### Task goal
An exact copy of the lines from the start of the material below through the line containing "第3步:进入App的【电子发" is the required answer, and it includes no pictures.

-- Opening Marker --

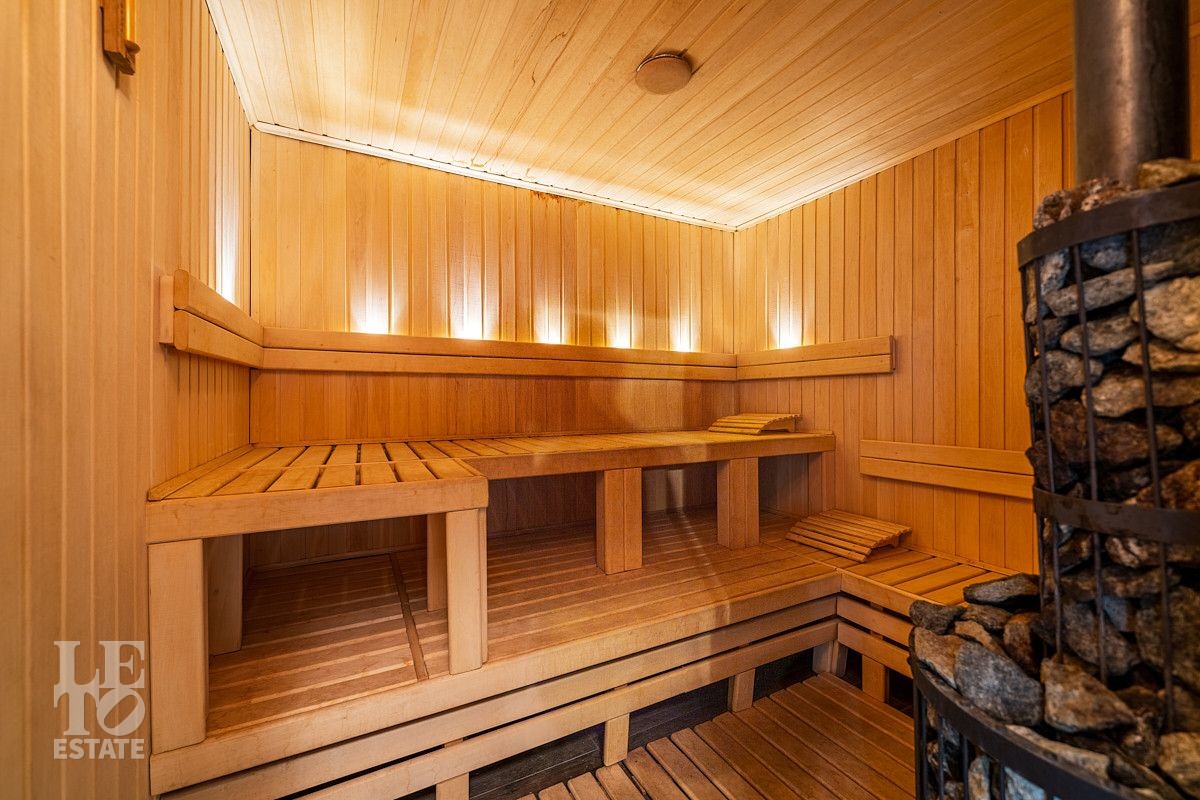 На участке есть спа-комплекс с бассейном, зоной барбекю и комнатой отдыха с кухней, может использоваться, как гостевой домик, общей площадью 100 кв.м, с отделкой и мебелью. Также есть гараж на два машиноместа, с комнатами для персонала на втором этаже.
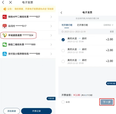 第3步:进入App的【电子发票】功能页面,选择已成功绑定的实体票卡,勾选需要开票的行程,填写相关信息后提交开票申请。
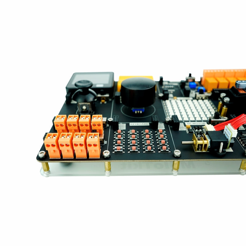 Demo Board. This is a feast of IoT stuff, powered by M5Stack. It is an all-in-one Learning board powered by ESP32, which includes anything you can imagine in an IoT + industrial application scenarios. Let's see what you can do with it: Robotic movement, the most commonly used serial communication port(RS485 RS232), Relay control, all different types of Button control, RF reader, speaker, Microphone and more all able to develope by an M5stack core device, so you can program this ESP32 kits with Blockly(UIFlow), Arduino, and Micropython. Based on application scenarios, we've partitioned them into different functional parts with the good-looking layout and full-function performance. Here comes the most powerful IIoT learning board.
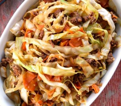 1 lbs. of ground beef, pork, or chicken (I use beef)1 head of cabbage (on the smaller side)
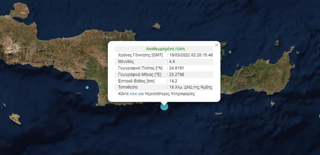 Σεισμός τώρα: Σεισμική δόνηση μεγέθους 4,6 Ρίχτερ σημειώθηκε στις 4:20 τα ξημερώματα της Τετάρτης (16/3) 18χλμ δυτικά-νοτιοδυτικά της Άρβης, με εστιακό βάθος 14,2χλμ., σύμφωνα με ενημέρωση του Γεωδυναμικού Ινστιτούτου.
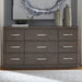 Elevate your bedroom décor to new heights of sophistication and comfort with the Cascade Falls 9 drawer dresser. Crafted with excellence using Rubberwood solids and Split Heart White Oak veneers, this dresser features a Satin Espresso finish. The bow shaping of the dresser adds a touch of soft contemporary flair, infusing the piece with graceful curves and understated charm. This subtle design element creates a sense of harmony and balance, enhancing the overall aesthetic of your bedroom space. Atop the dresser, a stunning starburst veneer pattern steals the spotlight, adding visual interest and sophistication. This intricate detail showcases the dresser's impeccable craftsmanship and attention to detail, making it a focal point of any room. Adding to its architectural appeal, reveal sections on the front and sides of the dresser offer glimpses of the finished frame, creating dimension and interest. These subtle accents elevate the dresser's design, making it a true work of art. Designed for both style and functionality, this dresser features soft-closing drawer guides for a gentle touch, ensuring smooth and quiet operation. The top drawers are lined with premium felt to protect delicate items, while the bottom drawers feature a cedar panel to keep your clothes fresh and fragrant. The drawers are accented with a custom Satin Nickel bar pull hardware. Softly rounded pilasters flow seamlessly into the inset bow-shaped plinth base, creating a cohesive and elegant look. The Cascade Falls 9 drawer dresser is a testament to refined craftsmanship and impeccable design, making it the perfect addition to any bedroom decor.

-- Closing Marker --

### Answer box
 На участке есть спа-комплекс с бассейном, зоной барбекю и комнатой отдыха с кухней, может использоваться, как гостевой домик, общей площадью 100 кв.м, с отделкой и мебелью. Также есть гараж на два машиноместа, с комнатами для персонала на втором этаже.
 第3步:进入App的【电子发票】功能页面,选择已成功绑定的实体票卡,勾选需要开票的行程,填写相关信息后提交开票申请。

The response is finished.